ActivityPub (deprecated)

The activity pub defines a server-to-server federation protocol to share information between decentralized instances and will be the main komponent for the gradido community federation.

At first we asume a gradido community as an ActivityPub user. A user is represented by "actors" via the users's accounts on servers. User's accounts on different servers corrsponds to different actors, which means community accounts on different servers corrsponds to different communities.

Every community (actor) has an:

  • inbox: to get messages from the world
  • outbox: to send messages to others

and are simple endpoints or just URLs, which are described in the ActivityStream of each ActivityPub community.

Open Decision:

It has to be decided, if the Federation will work with an internal or with external ActivityPub-Server, as shown in the picture below:

FederationActivityPub

The Variant A with an internal server contains the benefit to be as independent as possible from third party service providers and will not cause additional hosting costs. But this solution will cause the additional efforts of impementing an ActivityPub-Server in the gradido application and the responsibility for this component.

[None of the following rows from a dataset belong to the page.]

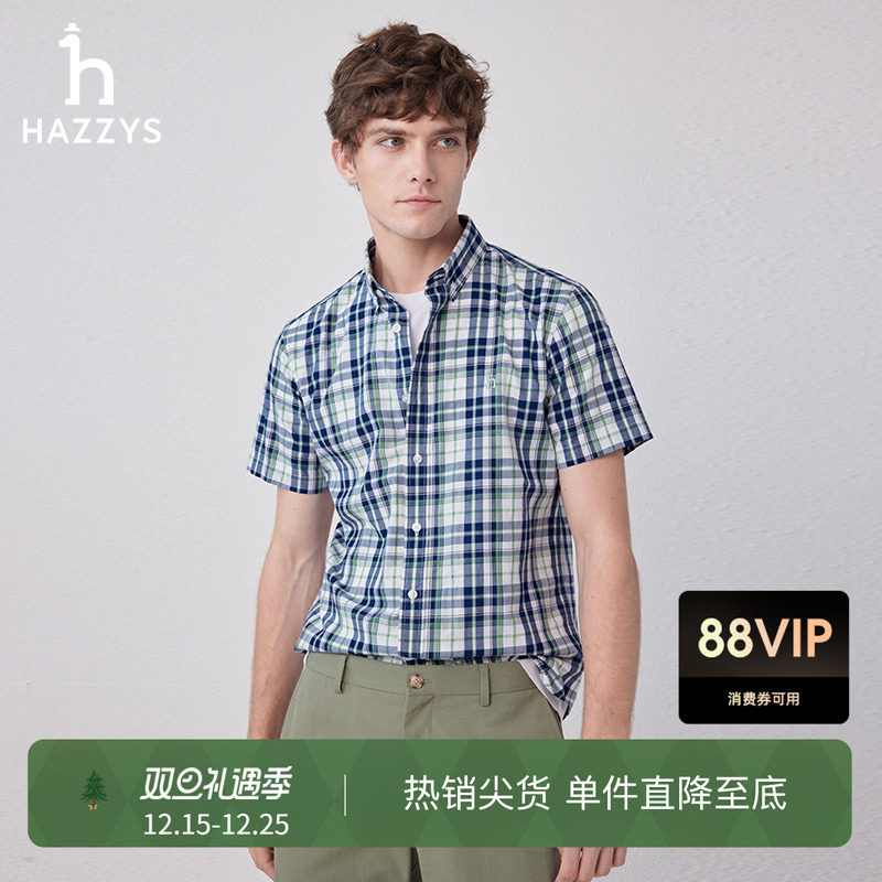 Hazzys哈吉斯夏季男士短袖衬衫休闲简约格子衫男上衣时尚舒适衬衣
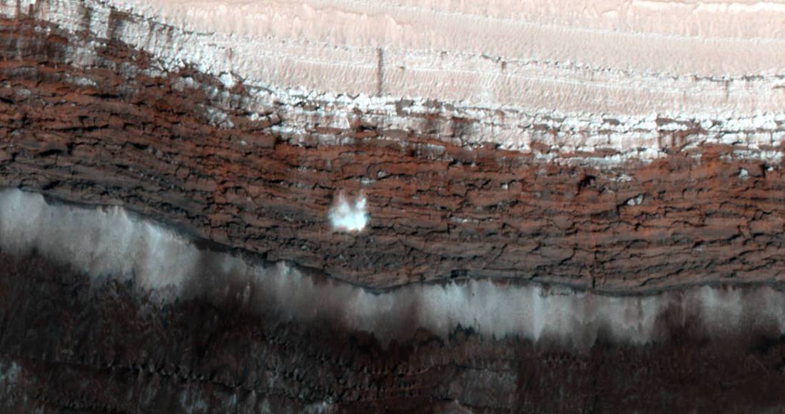 Así es como se formó el depósito, sugieren los investigadores: a medida que Marte se tambaleó en su eje de rotación en los últimos 510.000 años, el polo sur recibió cantidades variables de luz solar, permitiendo que se formara hielo de CO2 cuando los polos recibían menos luz solar y causó que sublime cuando los polos estaban más soleados. Cuando se formó hielo de CO2, pequeñas cantidades de hielo de agua quedaron atrapadas junto con el hielo de CO2. Cuando el CO2 se sublimó, el hielo de agua más estable se dejó atrás y se consolidó en capas.
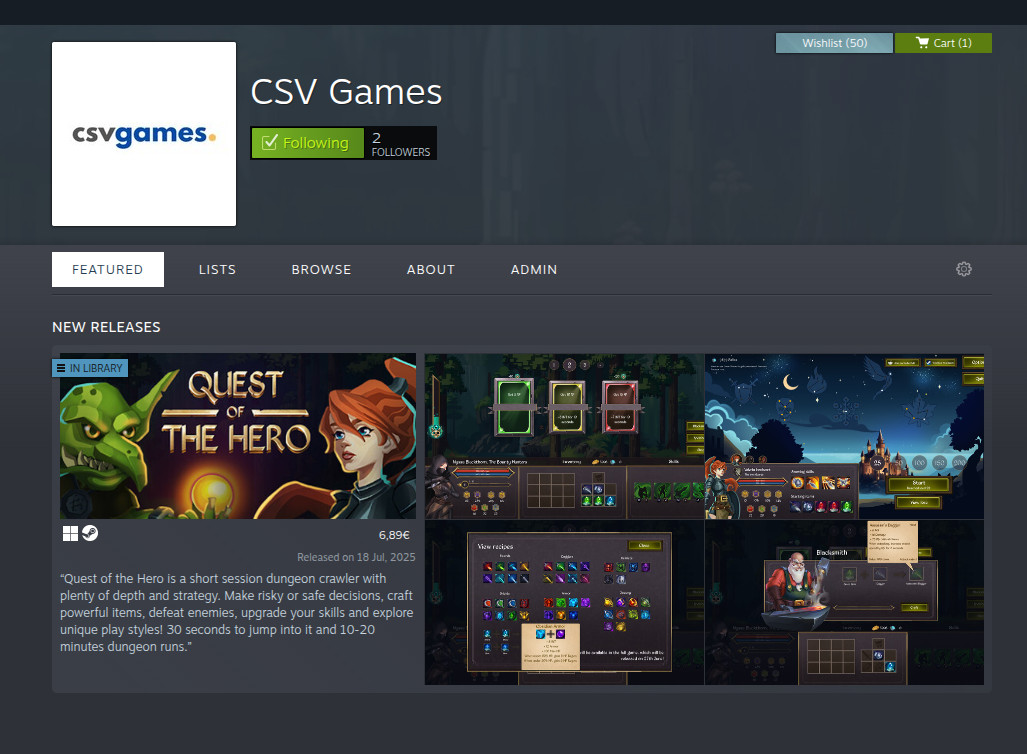 I got into indie game development, looking to create small and fun gaming experiences for PC (Windows and Linux). Website: https://csvgames.com Tech stack: I am using Godot for developing games Games so far: * Quest of the Hero (dungeon crawler) * more coming soon 😄

The Varaint B with an external server contains the benefit to reduce the implementation efforts and the responsibility for an own ActivitPub-Server. But it will cause an additional dependency to a third party service provider and the growing hosting costs.

HyperSwarm

The decision to switch from ActivityPub to HyperSwarm base on the arguments, that the hyperswarm/dht library will satify the most federation requirements out of the box. It is now to design the business requirements of the gradido community communication in a technical conception.

The challenge for the decentralized communities of gradido will be how to become a new community aquainted with an existing community ?

To enable such a relationship between an existing community and a new community several stages has to run through:

  1. Federation
    • join&connect
    • direct exchange
  2. Authentication
  3. Autorized Communication

Overview

At first the following diagramm gives an overview of the three stages and shows the handshake between an existing community-A and a new created community-B including the data exchange for buildup such a federated, authenticated and autorized relationship.

FederationHyperSwarm.png

Prerequisits

Before starting in describing the details of the federation handshake, some prerequisits have to be defined.

Database

With the federation additional data tables/entities have to be created.

Community-Entity

Create the new Community table to store attributes of the own community. This table is used more like a frame for own community data in the future like the list of federated foreign communities, own users, own futher accounts like AUF- and Welfare-account and the profile data of the own community:

Attributes Type Description
id int technical unique key of this entity
uuid string unique key for a community, which will never changed as long as the community exists
name string name of the community shown on UI e.g for selection of a community
description string description of the community shown on UI to present more community details
... for the near future additional attributes like profile-info, trading-level, set-of-rights,... will follow with the next level of Multi-Community Readyness
CommunityFederation-Entity

Create the new CommunityFederation table to store at this point of time only the attributes used by the federation handshake:

Attributes Type Description
id int technical unique key of this entity
uuid string unique key for a community, which will never changed as long as the community exists
foreign boolean flag to mark the entry as a foreign or own community entry
createdAt timestamp the timestamp the community entry was created
privateKey string the private key of the community for asynchron encryption (only set for the own community)
pubKey string the public key of the community for asynchron encryption
pubKeyVerifiedAt timestamp the timestamp the pubkey of this foreign community is verified (for the own community its always null)
authenticatedAt timestamp the timestamp of the last successfull authentication with this foreign community
for the near future additional attributes will follow with the next level of Multi-Community Readyness
CommunityApiVersion-Entity

Create the new CommunityApiVersion table to support several urls and apiversion of one community at once. It references the table CommunityFederation with the foreignkey communityFederationID (naming pattern foreignkea = <referred entityname>ID) for a 1:n relationship

Attributes Type Description
id int technical unique key of this entity
communityFederationID int the technical foreign key to the community entity
url string the URL the community will provide its services, could be changed during lifetime of the community
apiversion string the API version the community will provide its services, will increase with each release
validFrom timestamp the timestamp as of the url and api are provided by the community
verifiedAt timestamp the timestamp the url and apiversion of this foreign community is verified (for the own community its always null)

Configuration

The preparation of a community infrastructure needs some application-outside configuration, which will be read during the start phase of the gradido components. The configuration will be defined in a file based manner like key-value-pairs as properties or in a structured way like xml or json files.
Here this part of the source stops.